At breakfast I told Morgan Fouesneau (MPIA) my desiderata for a set of matplotlib color maps: I want a map that indicates intensity (dark to bright, say), a map that indicates a sequential value (mass or metallicty or age, say), a map that indicates residuals away from zero that de-emphasizes the near-zero values, and a map that is the same but that emphasizes the near-zero values. I want the diverging maps to never hit pure white or pure black (indeed none of these maps should) because we always want to distinguish values from “no data”. And I want them to be good for people with standard color-blindness. But here's the hard part: I want all four of these colormaps to be drawn from the same general palette, so that a scientific paper that uses them will have a consistent visual feel.
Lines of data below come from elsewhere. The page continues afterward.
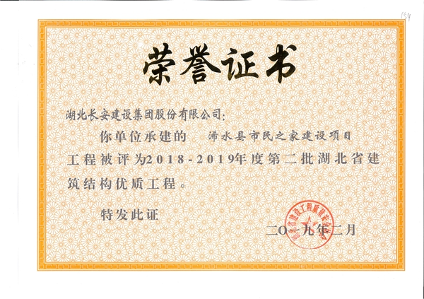 浠水市民之家建設項目工程被評為2018-2019年度第二批省結構優質工程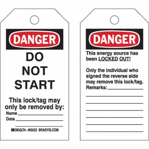 Brady Lockout Tag, Rectangular, Legend: Front: DANGER: DO NOT START This lock/tag may only be removed by: Name:______Date:______Back: This energy source has been LOCKED OUT! Only the individual who signed the reverse side may remove this lock/tag. REMARKS:_______, Black/Red on White Legend/Background, 5-3/4 in Height, 3 in Width, B-853 Cardstock, 3/8 in Hole, Rolled Brass Grommet, 50 lb Withstand Pull Force
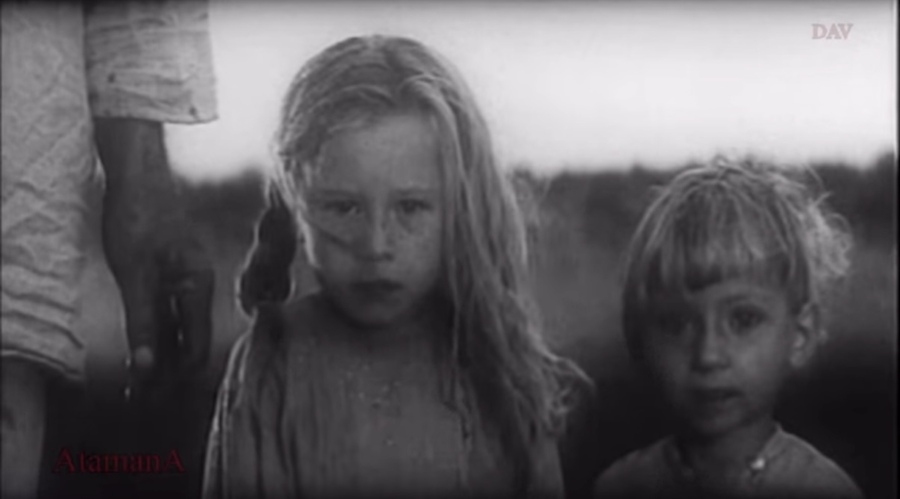 Человеческие глаза болезненно обращены к камере, как бы пытаясь сказать: «На что надеяться теперь.?» Тебе приходится лишь догадываться, с чем эти люди смотрят на тебя: с обвинением или с мольбой. Возникает чудовищный диссонанс: мы наблюдаем жесточайшие страдания, но слышим идею «о великом коммунизме». Иллюзия слома четвертой стены здесь обнажает конфликт очень ярко.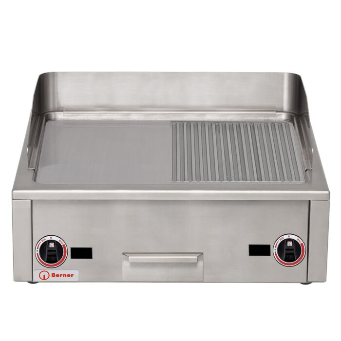 Platte Edelstahl plattiert Stärke 12 mm, vorn mit Abwurfschacht in Fettschublade. Bedienung der Heizzone über einen stufenlosen Regler. Eine 4-stellige digitale Anzeige zeigt die IST/SOLL Temperatr an.
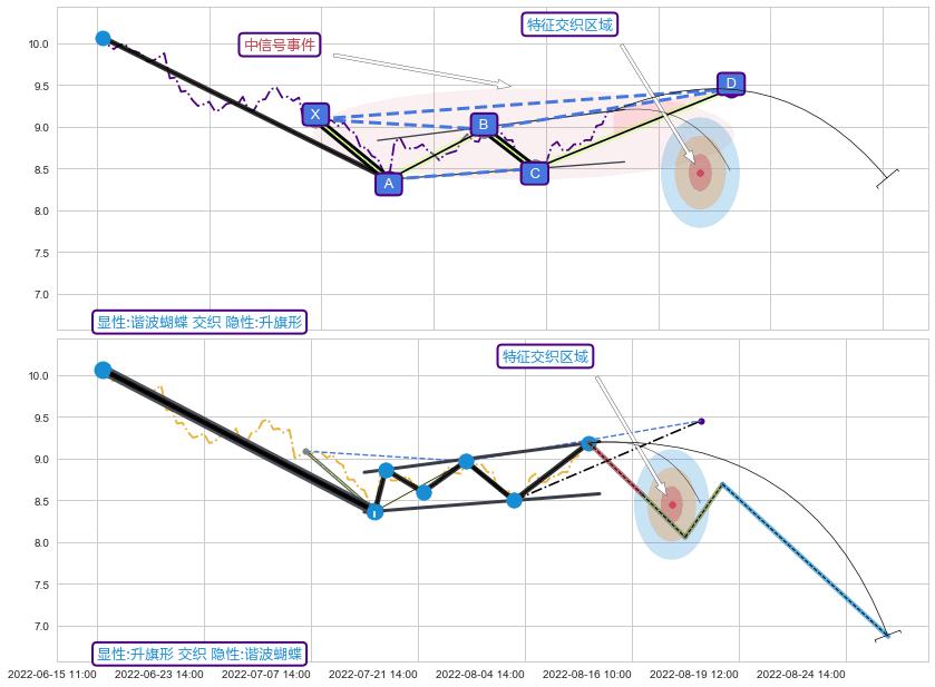 ➢ 谐波蝴蝶属【中级别信号事件】升旗形属【长级别信号事件】中长周期组合信号事件,中长事件长度比58.70%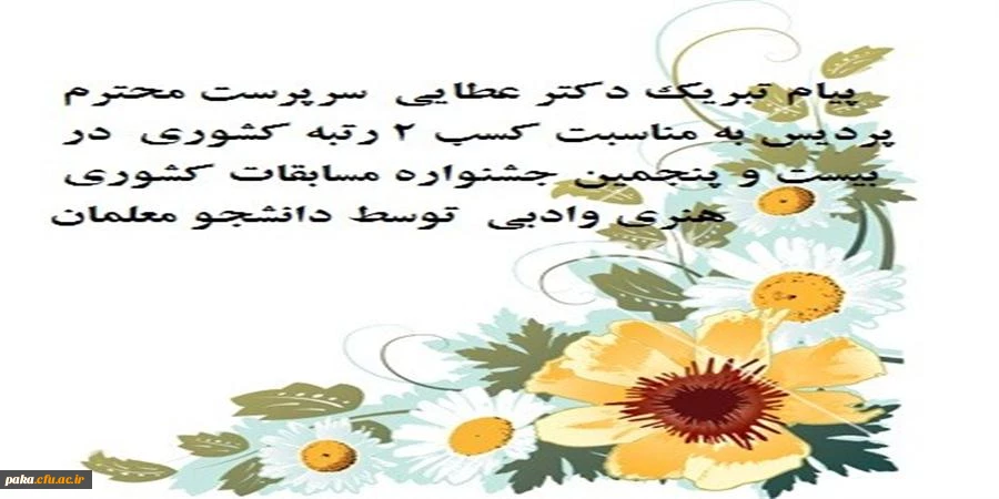 پیام تبریک سرپرست محترم پردیس به مناسبت کسب ٢ رتبه کشوری در بیست و پنجمین جشنواره مسابقات کشوری هنری وادبی توسط دانشجو معلمان پردیس امیر کبیرالبرز 2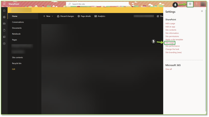- Once the desired site is opened, we will want to locate and select the gear icon at the top right of the page. From the generated dropdown, we will want to locate and select the Site usage option.
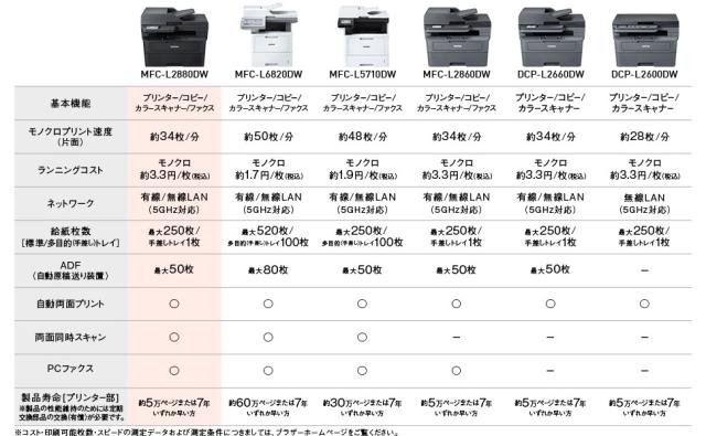 | A4モノクロレーザー複合機 (FAX/無線・有線LAN/ADF/両面印刷) MFC-L2880DW スペック情報 | |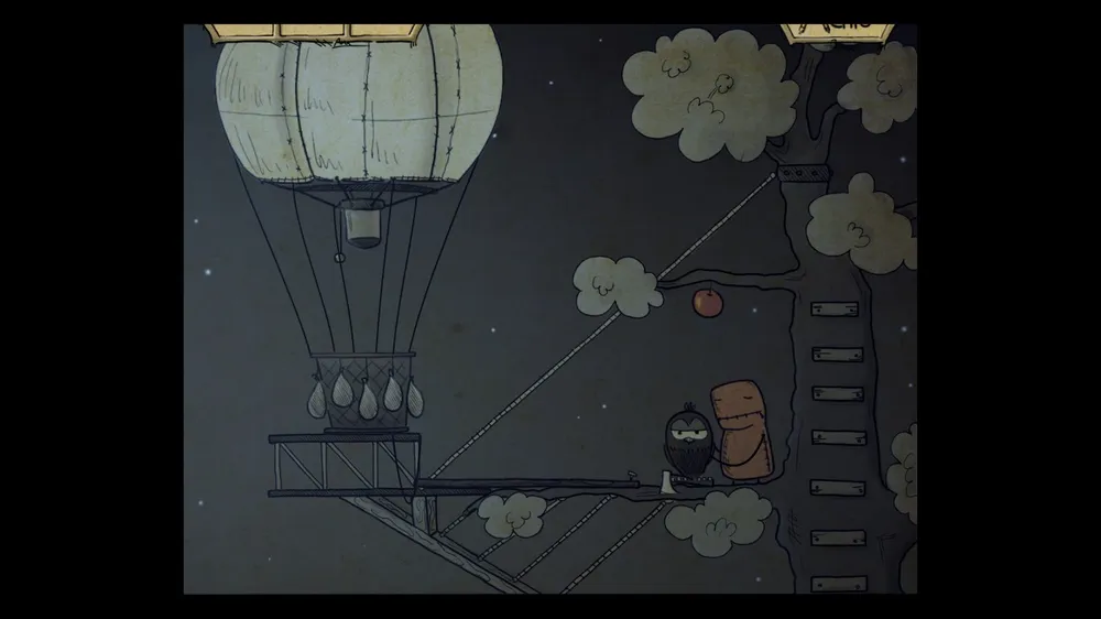 Роняем яблоко на сову. Берем топор и ставим трап.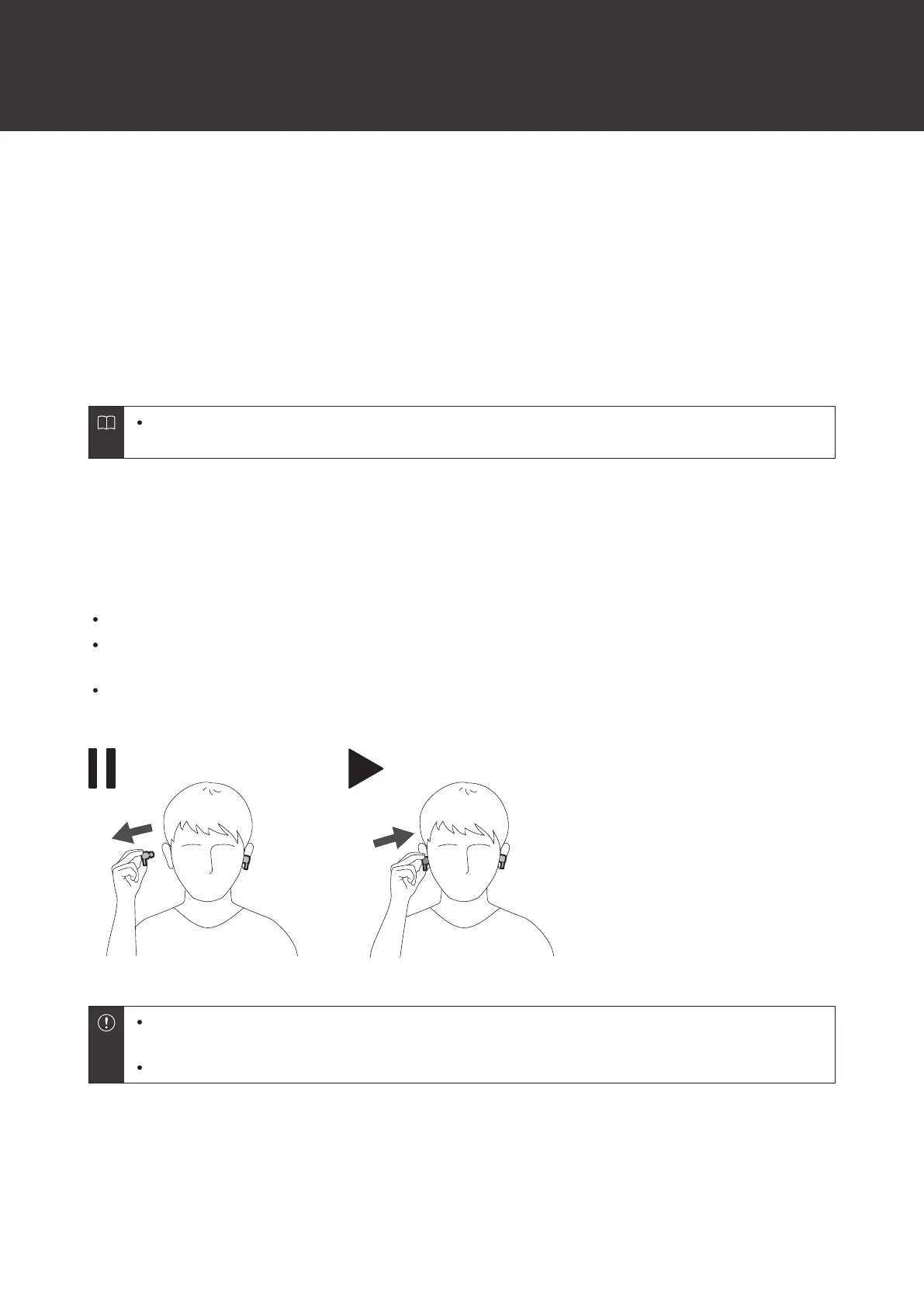 When removing the headphones from your ears, music is paused automatically. Music playback will resume when the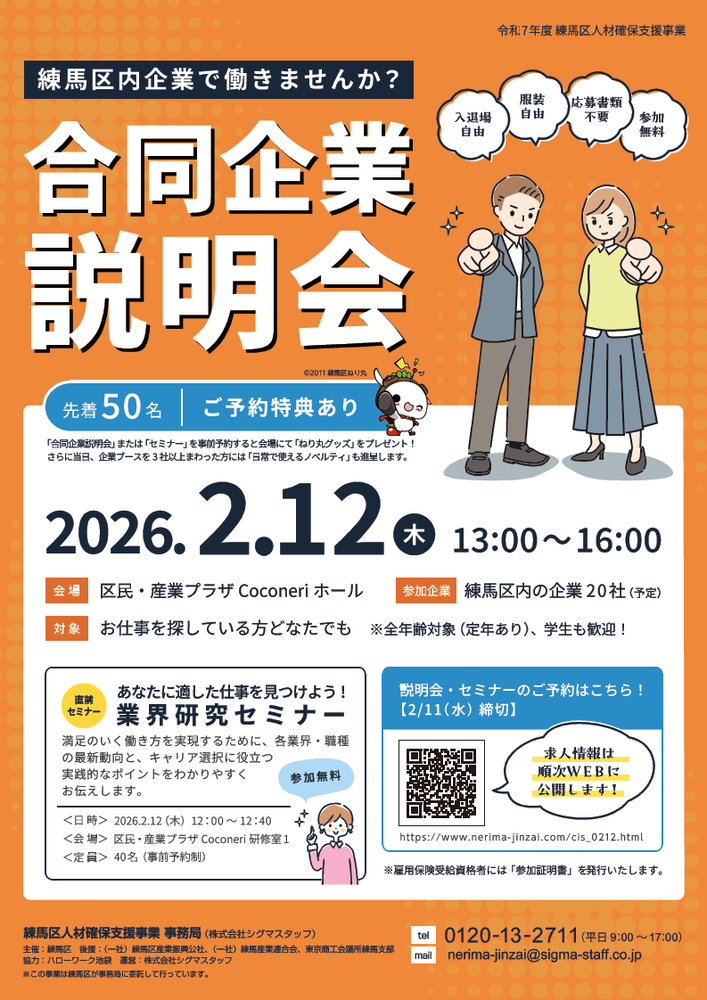 練馬区内企業が出展する「合同企業説明会」を開催します。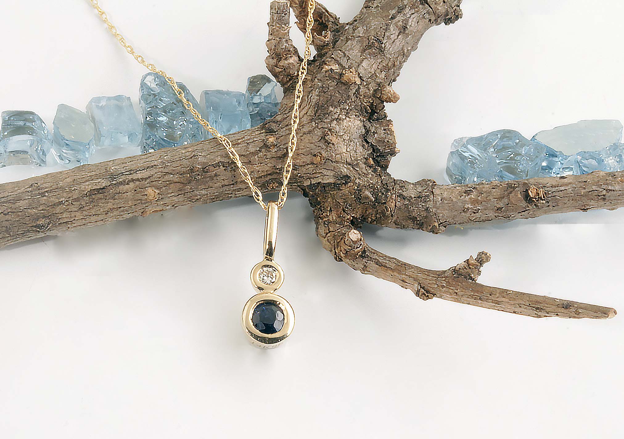 Sapphire Diamond 14KYG #11670 18″ Chain .03TDW .17SW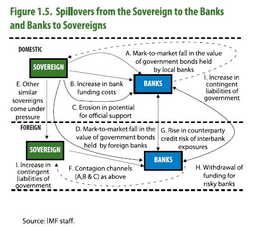Great chart from IMF showing feedback loop of Europe’s Sovereign Debt Crisis. A little busy, but stick with it.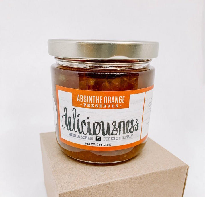 Absinthe Orange is a new take on the traditional Orange Marmalade. A mix of fresh organic oranges & lemons, fresh anise, sustainably ethically raised Madagascar vanilla, and Absinthe Verte.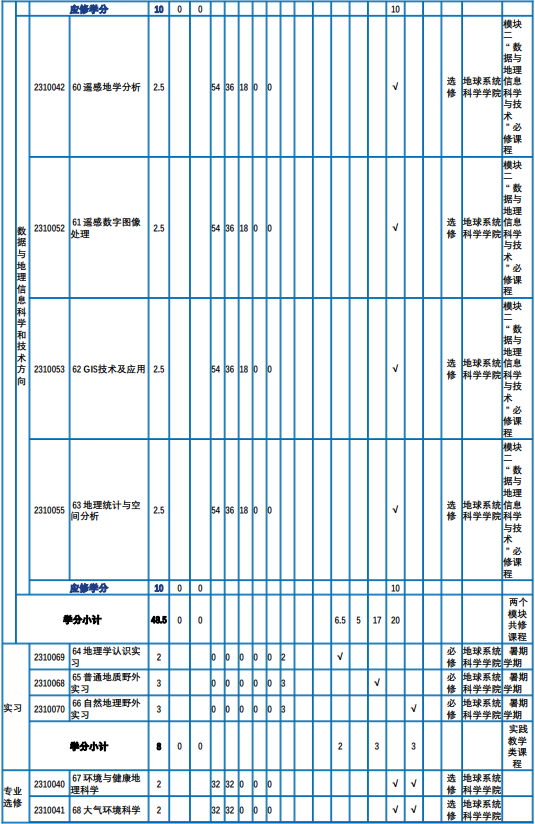 普通地质学实验与实践、普通地球化学实验与科研实践、土壤学与土壤地理学实验、地图学与地理信息系统概论上机、遥感地学分析上机、GIS技术及应用上机、遥感数字图像处理上机及地理统计与空间分析上机实践等。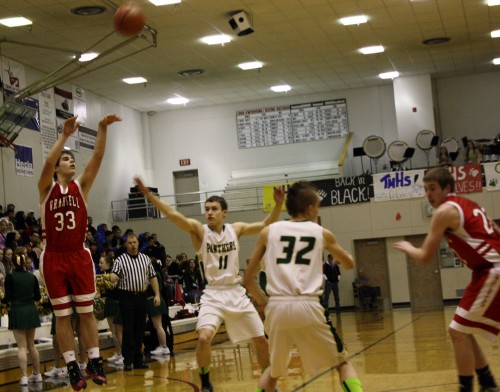 Hesse – They played an interesting defensive set. It was still the 2-3 zone, but a lot more player movement. The zones shifted around the floor a little bit, they followed their players out farther than you normally would in a 2-3 zone, and cut off the three-point shooting, which Petersburg usually stretches the floor a little bit with. But they still had the zone quality that let them collapse down on the big men. Another thing that changed the game was foul trouble. Colby Bell, who is one of Petersburg’s 6’-6” big men — very tall, great room protector — fouled out in this game. He had three fouls by halftime. It kept him on the bench most of the game, which kind of opened things up a bit for Mt. Edgecumbe at the other end of the floor.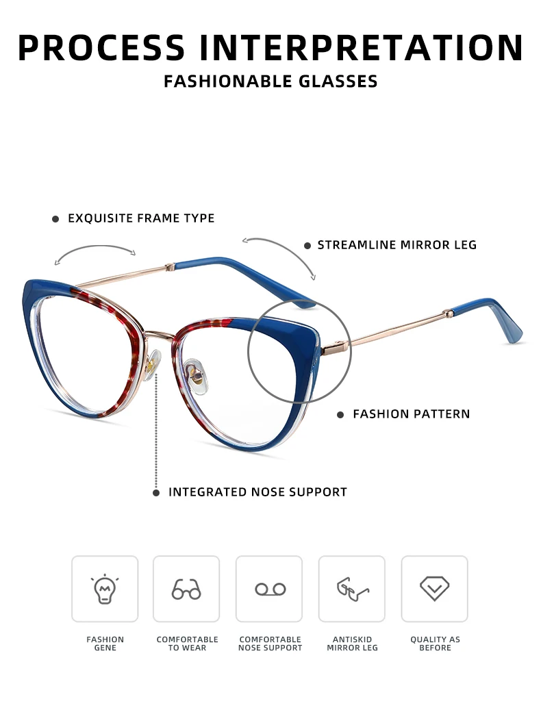 VICKY New Simple Personalized Fashion Cat’s Eye Frame Design Women’s Anti-Blue Light Reading Glasses Customizable Prescription

Before lunch, Ness and I met with Marie Martig (MPIA) and Fouesneau to go through our stellar age results. Martig and Fouesneau are writing up a method to use carbon and nitrogen features to infer red-giant ages and masses. Ness and I are writing up our use of The Cannon to get red-giant ages and masses. It turns out that The Cannon (being a brain-dead data-driven model) has also chosen, internally, to use carbon and nitrogren indicators. This is a great endorsement of the Martig and Fouesneau method and project. Because they are using their prior beliefs about stellar spectroscopy better than we are, they ought to get more accurate results, but we haven't compared in detail yet.
Late in the day, Foreman-Mackey and I discussed K2 and Kepler projects. We discussed at length the relationship between stellar multiplicity and binary and trinary (and so on) populations inference. Has all this been done for stars, just like we are doing it for exoplanets? We also discussed candidate (transiting candidate) vetting, and the fact that you can't remove the non-astrophysics (systematics-induced) false positives unless you have a model for all the things that can happen.